The tale-teller’s voice in his head told him that he would become a legend, that tales would be told of Ben Gun for generations, that every pup would hear those stories a hundred-hundred times.
Ben Gun filled his lungs deeply. He rolled the little metal wheel of his sparking mechanism with his thumb and felt the flint engage. The spark lit the ball of fuel nestled in the fireproof slingshot. The rest was instinct.
Ben Gun heard the nozzle of the weapon in the hands of the scrapper next to him open. He heard a drip of fuel fall to the ground at the Aux’s feet. The fire thrower, a Hacker called Damien Hurts, thumbed the trigger without igniting the spark.
Lighting the fire was Ben Gun’s job. Except Ben couldn’t have heard those things with all the noise in the tunnel. He must have imagined them.
Ben Gun saw the arc of liquid fuel as it flowed through the air down the tunnel. He saw where the gasoline landed and pooled ten or a dozen metres distant, to the left of the tunnel.
He whipped his arm and loosed the sling. He watched the trajectory of the little ball of fire as it flew through the air towards the pool of gasoline against the wall of the tunnel.
The Aux war band did not see the flaming projectile hit the fuel, but they saw the surge of flames as the gasoline lit. Part of the tunnel floor was filled with flames, which climbed the wall where the gasoline had sprayed.
Ben Gun loaded a second fuel pellet and lit it. Damien Hurts triggered his nozzle once more and sprayed the right hand side of the tunnel with more gasoline. Ben Gun whipped his arm and let loose his projectile. He hit his target again. More flames filled the tunnel.
Evelyn War grasped his shoulder in triumph, and then urged Ben forwards as the pack moved towards their prey.
Two fire throwers stood ready, one on either side of Ben Gun. They were fully loaded and ready to go. Two of the best Aux fire throwers in the Hacker Pack, two of the most reliable, with the best aim.
Holeman Hunt was within twenty metres of them. He and his war band were dangerously close. They wanted no casualties on their own side. Accidents were not an option.
Them were the target. Herding Them was the objective.
Flames flickered and flashed across the bodies of Them on both sides. They were surrounded by fire. Despite their thrashing and lurching, both factions of the Aux counted five foes. Five of Them!

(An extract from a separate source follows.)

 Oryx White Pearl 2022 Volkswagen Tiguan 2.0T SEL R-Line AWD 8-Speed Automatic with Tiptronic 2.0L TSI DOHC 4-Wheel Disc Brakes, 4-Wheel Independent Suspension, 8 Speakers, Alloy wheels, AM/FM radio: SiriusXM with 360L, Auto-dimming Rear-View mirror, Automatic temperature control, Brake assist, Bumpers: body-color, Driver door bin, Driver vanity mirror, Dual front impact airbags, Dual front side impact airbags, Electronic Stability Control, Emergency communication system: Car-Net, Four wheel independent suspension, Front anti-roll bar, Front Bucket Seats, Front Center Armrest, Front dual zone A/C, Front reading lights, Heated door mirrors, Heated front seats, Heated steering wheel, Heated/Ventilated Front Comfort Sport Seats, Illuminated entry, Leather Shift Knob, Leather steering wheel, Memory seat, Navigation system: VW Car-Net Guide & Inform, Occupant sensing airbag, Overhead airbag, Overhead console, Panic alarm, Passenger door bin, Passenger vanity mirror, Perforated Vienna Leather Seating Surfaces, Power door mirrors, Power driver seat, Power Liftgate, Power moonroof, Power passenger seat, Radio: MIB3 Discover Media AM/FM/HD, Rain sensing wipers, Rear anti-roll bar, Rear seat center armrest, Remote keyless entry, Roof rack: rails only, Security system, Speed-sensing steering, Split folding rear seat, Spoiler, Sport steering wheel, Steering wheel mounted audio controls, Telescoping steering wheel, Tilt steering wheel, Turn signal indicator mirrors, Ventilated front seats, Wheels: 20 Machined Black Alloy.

Killing one had been tough. Tougher and tough!
Killing five!
Damien Hurts, staying close to Ben Gun, triggered a short burst of fuel into the gaggle of Them. It splashed and splattered, landing in a puddle in their midst.

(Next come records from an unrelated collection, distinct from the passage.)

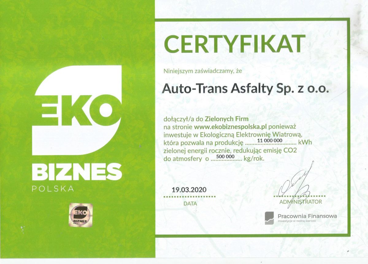 Od lutego 2019 roku Firma Auto-Trans Asfalty Sp. z o.o. znacząco poszerzyła zakres działań na zupełnie nowym dla niej obszarze tj. zainwestowała w odnawialne źródła energii. Nawiązała współpracę z Pracownią Finansową i zakupiła udziały w elektrowniach wiatrowych.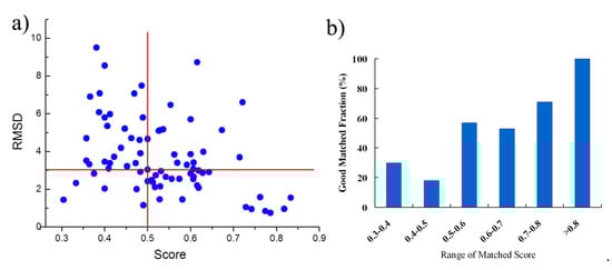 The summary of the matched results of BSMM for data set B: given the good matching should be RMSD < 3 Å, the rate of good matching for data set B is 44%; for Mscore > 0.5, the rate of good matching for data set B is 60%; the rate of good matching does not correlate to the sequence identity when the sequence identity < 12%. (a) the correlation between the ligand RMSD and the the matched score; (b) the good matching rate in different range of matched score.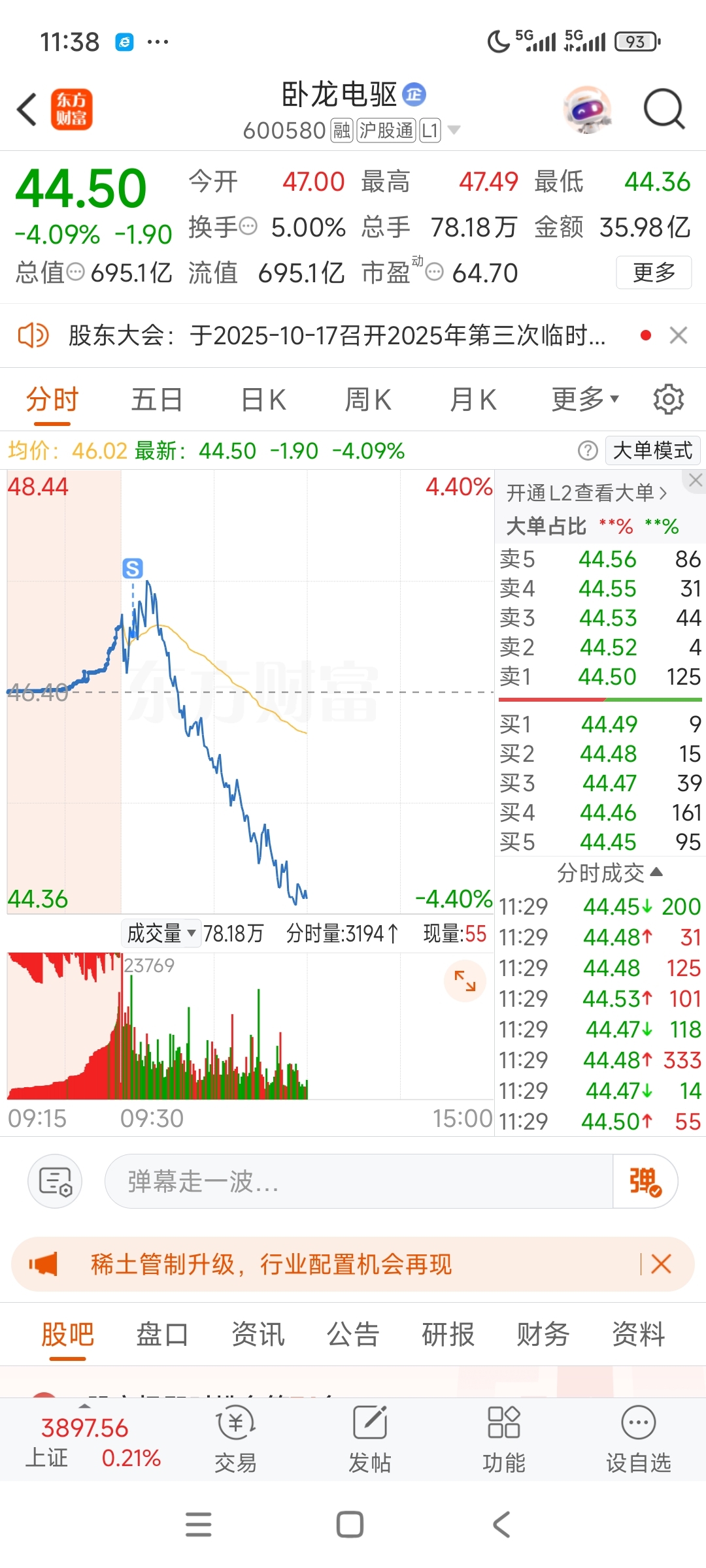 $卧龙电驱(SH600580)$ 还好我跑的快连滚带爬的跑出来了

Ben Gun had loaded his slingshot, and was about to light his missile when he hesitated. He looked into the dark mask of the fire thrower, but could not see the Aux’s eyes. Damien Hurts shrugged.
Ben Gun thumbed his sparking mechanism and lit the missile in his slingshot. He looked hard at the Them, the light from the flames strobing over their bodies.
He whipped his arm and let the missile loose. It flew high into the ceiling of the tunnel, looking like a tiny comet as it passed over the heads of Them.
Ben Gun watched its trajectory. Out of the corner of his eye, he thought he saw one of Them watching it too, arching its neck to get a good look at the little ball of fire.
It landed, and a sheet of flames rose into the air between Them. Flames darted from one to another as the splashes of gasoline that had landed on Them and rolled over their hard-shelled bodies lit up. The flames burst, and burned out quickly, leaving flashes of blue on their glossy green chitin.
Them began to scamper and lurch in a tight circle, not knowing where to go or how to escape the flames.
Holeman Hunt’s war band had closed in, keeping up a barrage of flames. One fire thrower switched out for another, and then another, as fuel supplies began to dwindle. They could not get any closer. It was up to Ben Gun.
Damien Hurts took his cue and sent up another arc of gasoline, puddling it among Them. Ben Gun lit another missile and loosed it. Another wall of flames rose in their midst.
Them shrieked and keened. Their heads lurched. They swayed and scythed their luminescent limbs.
A wail went up from one of Them as it was skewered by the spiked limb of its neighbour. It swung a speckled limb in retaliation, and an answering screech filled the tunnel.
The Aux fire thrower sent up another arc of gasoline, and another.
Ben Gun lit the puddles.
Them began to huddle together.
Them had no choice but to move towards the platform of Birkenstrasse station.
Ben Gun felt another firm squeeze to the back of his neck. Evelyn War was right there with him, willing him to succeed.
Robert Browning’s war band followed Them. They walked through the wall of fire that Damien Hurts and Ben Gun had built. It had begun to die away; there was room for the Aux to pass between the fires, single file.
As they passed through, the puddle fires began to die away too.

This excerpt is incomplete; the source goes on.